AZ submitted that by reason of the second sentence in the exclusion clause, it was not liable for AB's loss of profits. Flaux J rejected AZ's submission and agreed with AB's submission that since the agreement was essentially a contract for the supply of DIP and the first sentence was clearly concerned with limiting AB's liability in respect of the supply of DIP under the agreement, the second sentence flowed naturally from the first and dealt with the same subject matter: the sale and purchase of DIP. The clause overall should be construed as referring to the sale and purchase of DIP and not to the question of whether the contract might be replaced by another product such as propofol. Further, the exclusion clause should be construed against AZ who sought to rely on it. Flaux J held that AZ's construction of the exclusion clause, if upheld, would have the effect of making the right of first refusal provision "little more than a statement of intent", leaving AB with no effective remedy for AZ's breach of that provision. A court should only reach such a conclusion where no other was possible.

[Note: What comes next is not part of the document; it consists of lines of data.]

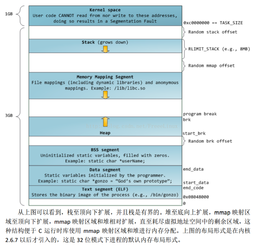 从进程地址空间的布局可以看到,在有共享库的情况下,留给堆的可用空间还有两处:一处是从.bss段到0x40000000,约不到1GB的空间;另一处是从共享库到栈之间的空间,约不到2GB。这两块空间大小取决于栈、共享库的大小和数量。这样来看,是否应用程序可申请的最大堆空间只有2GB?事实上,这与Linux内核版本有关。在上面给出的进程地址空间经典布局图中,共享库的装载地址为0x40000000,这实际上是Linux kernel 2.6版本之前的情况了,在2.6版本里,共享库的装载地址已经被挪到靠近栈的位置,即位于0xBFxxxxxx附近,因此,此时的堆范围就不会被共享库分割成2个“碎片”,故kernel 2.6的32位Linux系统中,malloc申请的最大内存理论值在2.9GB左右。
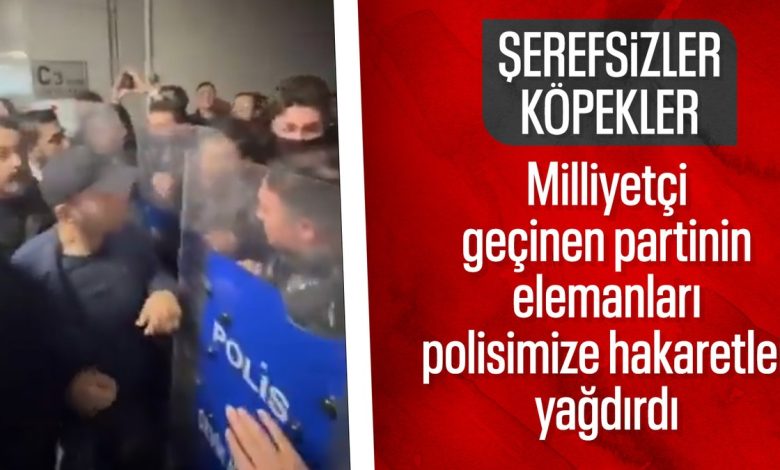 Bununla kalmayan partililer, “adi, “şerefsiz” ve “köpekler” diyerek polise hakaretler yağdırdı.
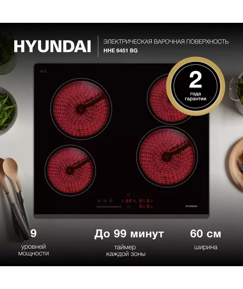 Варочная поверхность Hyundai HHE 6451 BG черный
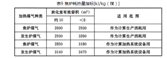 煤干馏炉的加热煤气的耗热量指标是一项综合性的指标。焦炉的耗热量指标是按鞍山焦耐院多年来的经验总结资料制定的。对炭化室有效容积大于20m³的焦炉。用焦炉煤气加热时规定耗热量指标为2340kJ/kg。而根据实测数据,当焦炉的均匀系数和安定系数均在0.95以上时,3个月平均耗热量为2260kJ/kg;当全年的均匀系数和安定系数均在0.90以上时,耗热量为2350kJ/kg。这说明本条规定的指标是符合实际情况的。
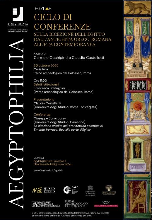 Giovedì 30 Ottobre 2025 in Curia Iulia, alle 11, la conferenza “La citazione erudita nell’architettura eclettica di Ernesto Verrucci Bey alla corte d’Egitto”, a cura di Giuseppe Bonaccorso (università di Camerino). Accesso da largo della Salara Vecchia. Ingresso libero con prenotazione obbligatoria fino ad esaurimento posti su https://egitto30ottobre.eventbrite.it. Dopo i saluti istituzionali di Francesca Boldrighini (parco archeologico del Colosseo), introduce Claudio Castelletti (università di Roma Tor Vergata). Nel 2024, per iniziativa del Corso di studi magistrali in Storia dell’Arte dell’università di Roma Tor Vergata, il dipartimento di Studi letterari, filosofici e di Storia dell’Arte dello stesso Ateneo ha istituito in convenzione col museo Egizio di Torino il laboratorio di ricerca EgyLab, dedicato alla ricezione dell’Egitto dall’Antichità greco-romana all’età contemporanea, diventato laboratorio didattico a partire dall’anno accademico 2025-2026. Nel quadro delle attività di EgyLab, il Dipartimento ha promosso nel 2025 in convenzione col parco archeologico del Colosseo un ciclo di conferenze intitolato Aegyptophilia, a cura di Carmelo Occhipinti e Claudio Castelletti, patrocinato dal DiVA – dipartimento di Valorizzazione del Patrimonio culturale, dal museo Egizio di Torino, dall’Accademia d’Egitto, dall’Institutum Romanum Finlandiae – Villa Lante al Gianicolo, dalla Fondazione Marco Besso e dal 3ARC – Ancient Art Architecture Reception Center. Il ciclo è stato ideato non solo come un’occasione di confronto interdisciplinare tra studiosi e studiose di diversa formazione scientifica e metodologica (archeologi, egittologi, storici, storici dell’arte, storici dell’architettura, ecc.), ma anche come uno “spazio” di condivisione e accessibilità del sapere, per promuovere e valorizzare il dialogo tra cultura egiziana e cultura europea, in particolare italiana.
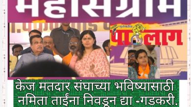 केज मतदार संघाच्या विकासात्मक भविष्यासाठी नमिता ताई मुंदडाना निवडून द्या — नितीन गडकरी. तुतारीने आपला पराभव केला आता तुतारीचा पराभव…

In seeking damages for AB's failure to fulfil one of the purchase orders, AZ submitted, relying heavily on the recent controversial decision in Internet Broadcasting Corporation v MAR LLC  EWHC 744 (Ch) (NetTV) (covered in the June 2009 Litigation Review), that AB was not entitled to rely on the exclusion clause since its breach was deliberate and repudiatory. It was held in NetTV that there was a presumption that an exclusion clause should not apply to deliberate personal repudiatory breaches of contract.
Flaux J held that AB's breach was neither deliberate nor repudiatory. The breach had not been deliberate since AB had acted on negligent legal advice that what it did was within the terms of the contract, nor could the non-delivery of one or two purchase orders be considered sufficiently serious to amount to a repudiatory breach. As such, the exclusion clause would apply.

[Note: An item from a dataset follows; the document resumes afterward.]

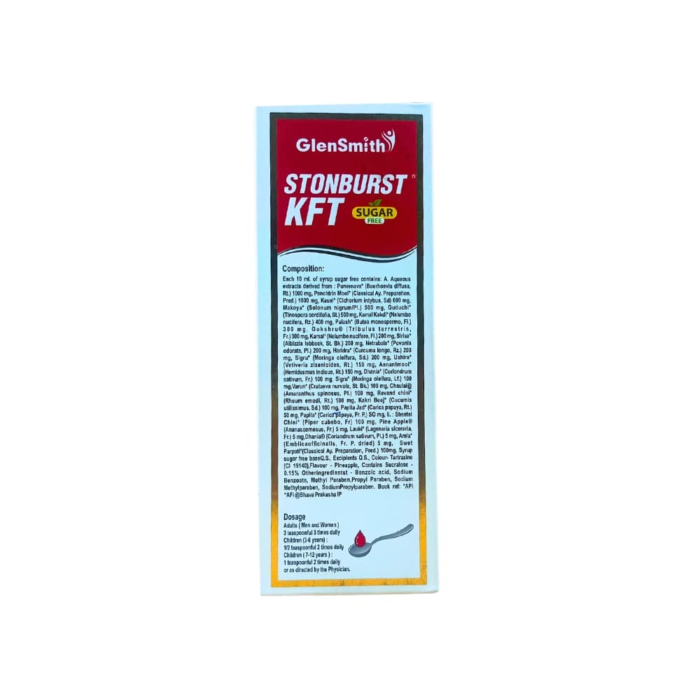 Glensmith Ston Burst KFT 200ml For Removing Stones Helps Kidney And Urinary Bladder Care it help Urinary Tract Infections, Burning Micturition, Poor Renal Functions, Urinary Disorders, Crystal Luria
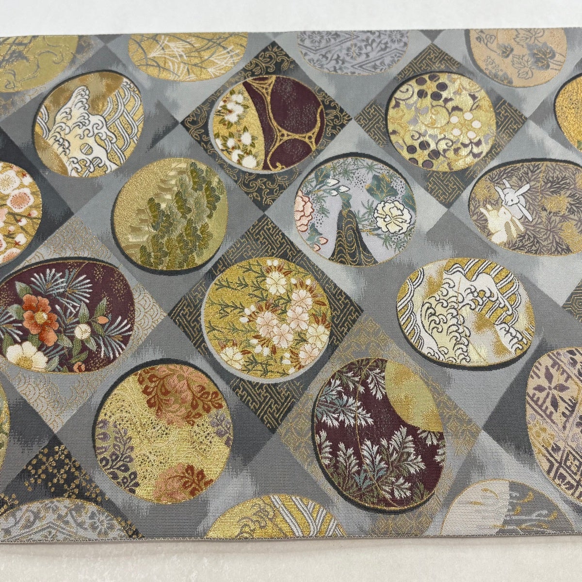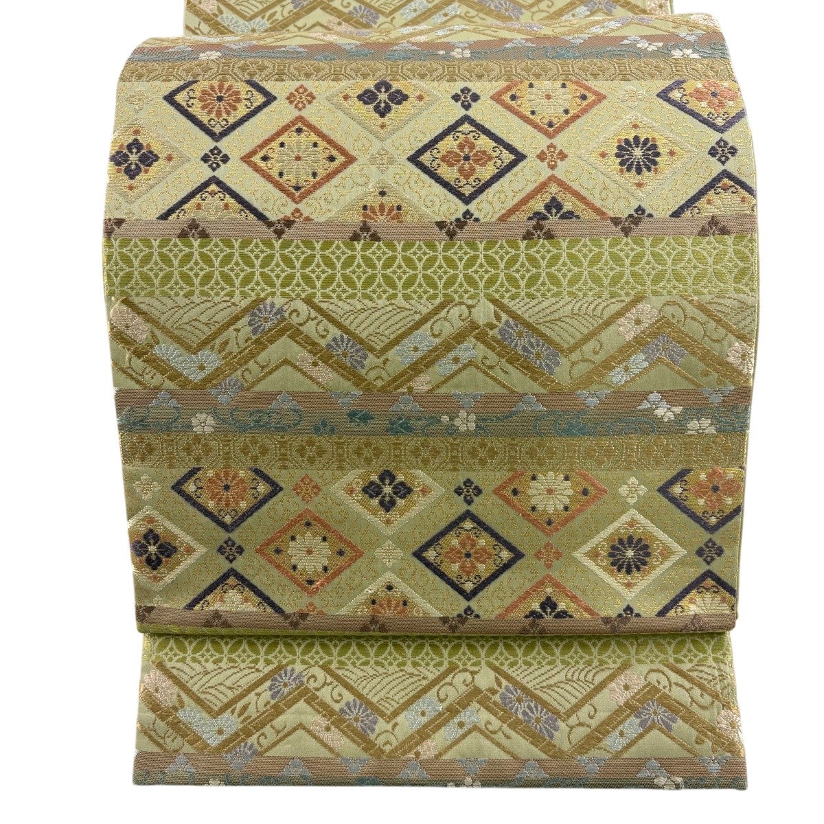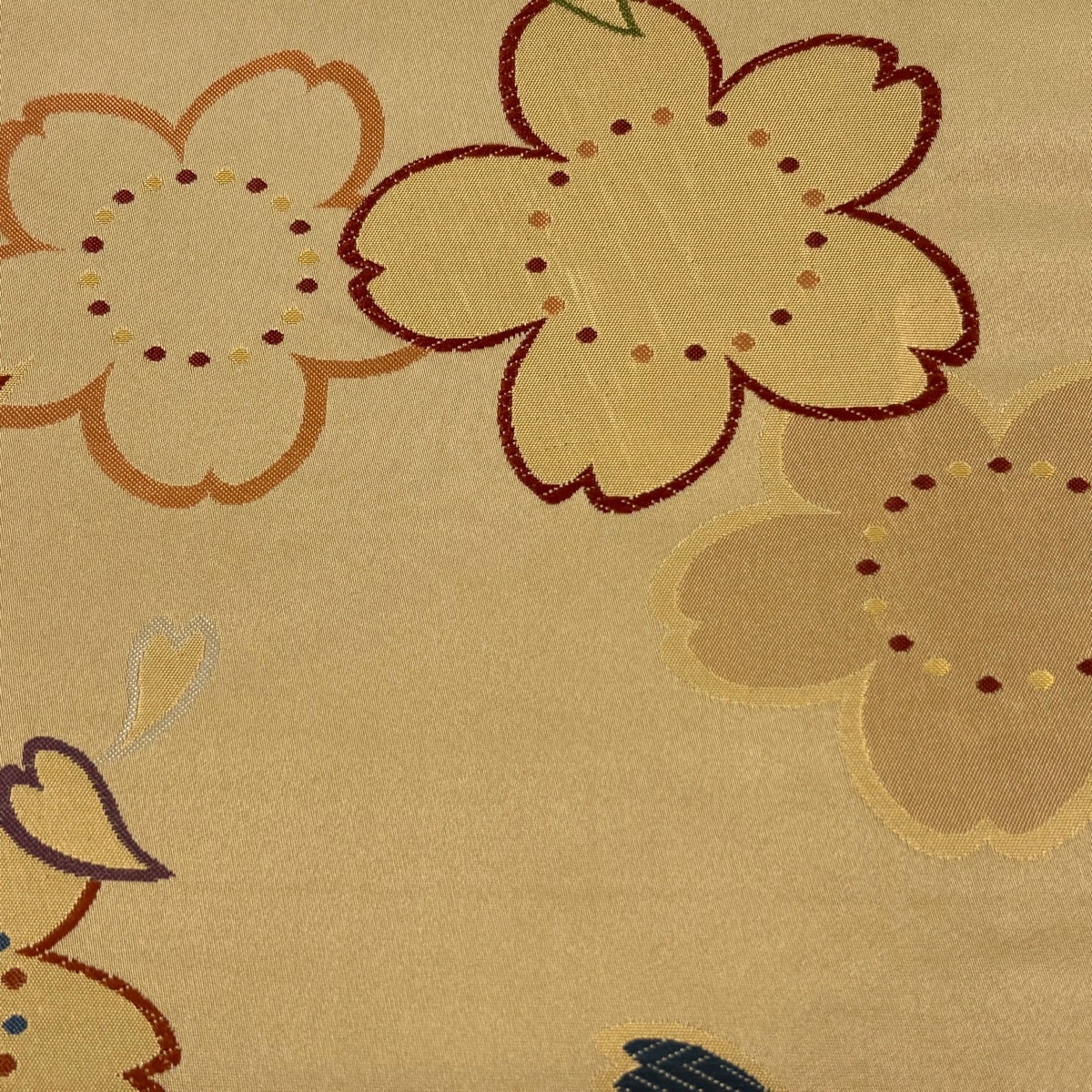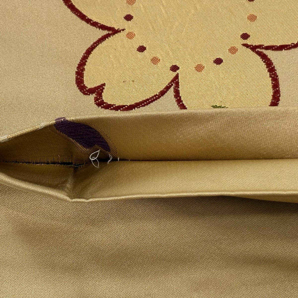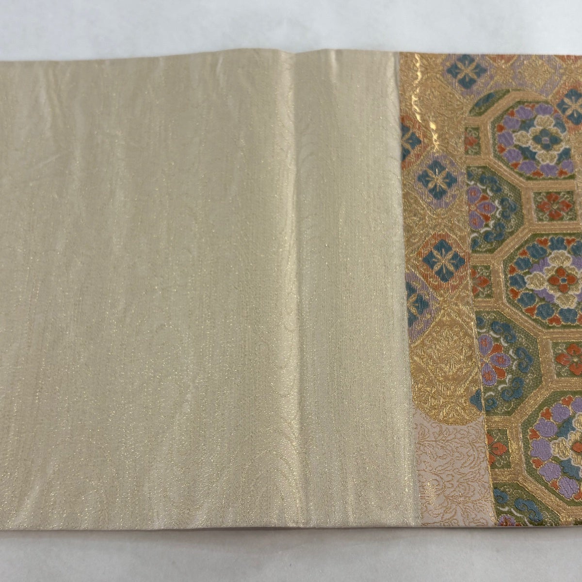 袋帯とは女性用の主にフォーマル用の帯で第一礼装として着用されることが多く、形状は表地にのみ柄があり裏地は無地になるように袋状に織って作成されたため袋帯という名が付きました。 帯を締める際にはおめでたいことが重なりますようにという願いが込められている二重太鼓や成人式の際に振袖に見かけるふくら雀や文庫結びなどの変わり結びを用いて着用します。

Flaux J, nonetheless, went on to consider the NetTV decision. He explained, by reference to Suisse Atlantique Société d'Armement Maritime v NY Rotterdamschke Kolen Centrale  1 AC 361 (Suisse Atlantique) and Photoshop Production v Securicor  1 AC 827 (Photo Production), that the doctrine of fundamental breach, which is that an exclusion clause could not be expected to protect a party who committed a "fundamental breach", was no longer good law. Flaux J considered the NetTV decision "heterodox and regressive", and indicated that, if necessary, he would decline to follow it. As such, courts are to simply construe exclusion clauses, albeit strictly, without the need for a presumption. It is always a question of construction whether an exclusion clause covers a particular breach, however that breach is categorised.
Comment: The "right of first refusal" is often used in contracts. This judgment clarifies that it means a right to match a contractual offer on terms which the grantor is prepared to accept, even though the detailed terms of any contract may require further negotiation. That right arises when the grantor is minded to accept a third party's offer.
In this judgment, Flaux J also expressed disagreement with NetTV, which introduced the presumption that an exclusion clause should not apply to deliberate, repudiatory breaches. Although Flaux J's comments are obiter, it is submitted that Flaux J's views should be preferred to the approach in NetTV. Indeed, the House of Lords have made clear in their earlier decisions in Suisse Atlantique and Photo Production that it was always a question of construction whether an exclusion clause covered a particular breach, however that breach was categorised.